If we look closely in the fetch, there are these two branches:
│ 0x7ffff7b8834a <interpret_loop+458> jne 0x7ffff7b88728 │ -> miss fetch cache
│ 0x7ffff7b88361 <interpret_loop+481> je 0x7ffff7b88760 │ -> cross page boundary
My idea was to come up with a single branch that could test both conditions in the fetch loop, simplifying to just one branch, so I could save some instructions.

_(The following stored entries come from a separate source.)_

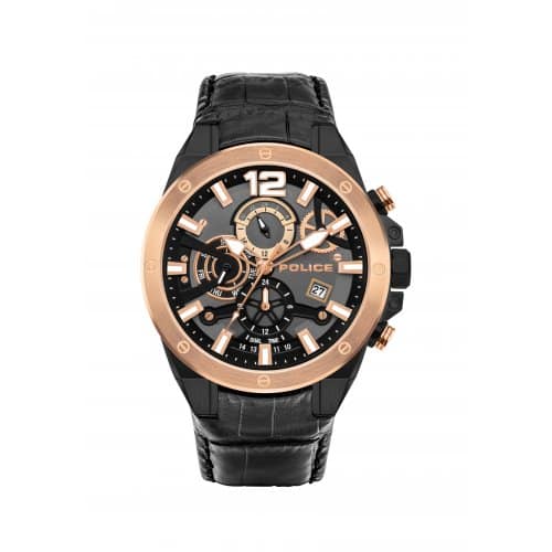 Orologio Police da uomo della collezione Saiho, Movimento al quarzo multifuzione dual time, Cassa in acciaio IP nero con ghiera oro rosa, Cinturino in pelle nero, W.R. 5 ATM. Referenza: PL.15711JSBR/61 Non è quello che cercavi? Scopri tutti gli orologi Police
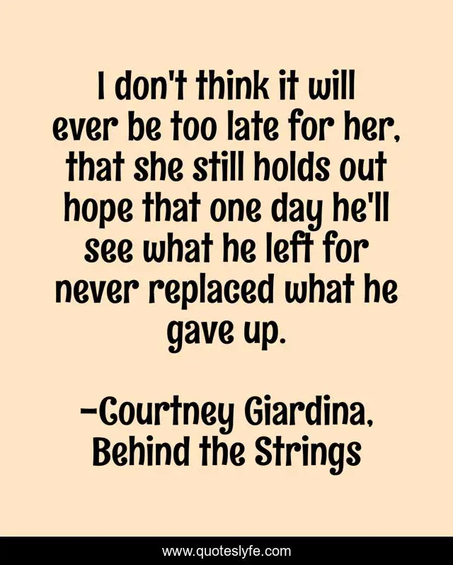 This page presents the quote "I don't think it will ever be too late for her, that she still holds out hope that one day he'll see what he left for never replaced what he gave up.". Author of this quote is Courtney Giardina, Behind the Strings. This quote is about drama, reuinion, second-chances, leaving,.
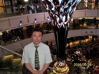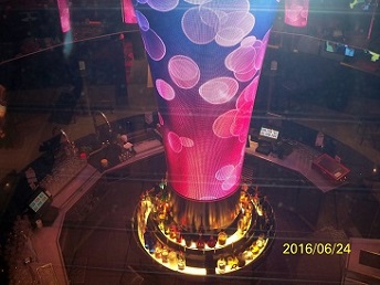 2016年6月24日,我们的游轮全天都在地中海上,由东向西航行。游轮上安排了很多活动项目,以供游客们选择。下图是邮轮的主楼层大厅,喇叭形的中心圆柱有彩色灯光,还时常变换着颜色,充满了欢乐喜庆的气氛。
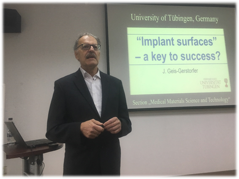 Geis-Gerstorfer教授此行参观了材料先进教育部重点实验室并留下了深刻印象。11月16日,Geis-Gerstorfer教授受邀为重点实验室做了题为“Dental implant surfaces – a key to success?“的学术报告,结合多年科研实践与学术成果,对口腔种植体生物材料的表面设计提出了独到见解。报告会气氛活跃,大发体育
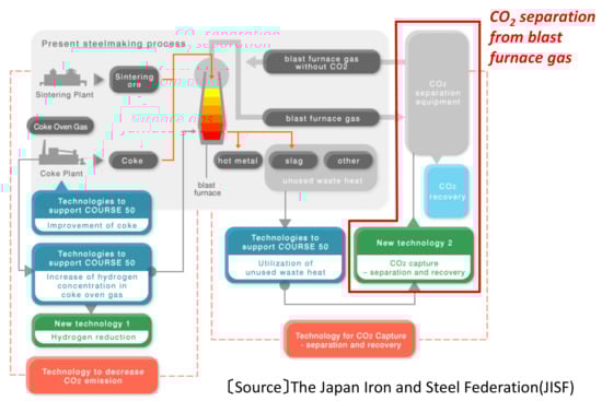 - Ujisawa, Y.; Tonomura, S.; Ishiwata, N.; Nabeshima, Y.; Saito, K. CO2 breakthrough program by COURSE50 in Japanese steel industry sector. In Energy Technology Roadmaps of Japan: Future Energy Systems Based on Feasible Technologies Beyond 2030; Springer: Berlin, Germany, 2016; pp. 431–439. [Google Scholar]
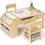 SPACE SAVING: Hidden storage compartments and large drawers are cleverly integrated underneath the kids craft table, and the spacious side double shelves and 3 removable storage drawers make it easy to organize books, drawing tools, toys and other essentials. The toddler table and chair set's mobile design allows you to easily set it up in a child's room, playroom, daycare center or tutoring facility.

This is the benchmark for baseline.
$ lua bench-insns.lua
RISC-V Privileged Memory-management 4.205 MIPS 3250.0 ucycles
RISC-V Privileged Interrupt-management 495.199 MIPS 257.0 ucycles
RV64I - Base integer instruction set 574.503 MIPS 263.8 ucycles
RV64M - Integer multiplication and division 575.371 MIPS 312.2 ucycles
RV64A - Atomic instructions 431.893 MIPS 304.2 ucycles
RV64F - Single-precision floating-point 218.556 MIPS 489.3 ucycles
RV64D - Double-precision floating-point 214.964 MIPS 1773.7 ucycles
RV64Zicsr - Control and status registers 289.061 MIPS 328.3 ucycles
RV64Zicntr - Base counters and timers 343.063 MIPS 284.3 ucycles
RV64Zifence - Instruction fetch fence 792.319 MIPS 246.0 ucycles
$ hyperfine -w 10 -m 32 "cartesi-machine dhrystone 2000000"
Benchmark 1: cartesi-machine dhrystone 2000000
Time (mean ± σ): 1.333 s ± 0.007 s [User: 1.326 s, System: 0.006 s]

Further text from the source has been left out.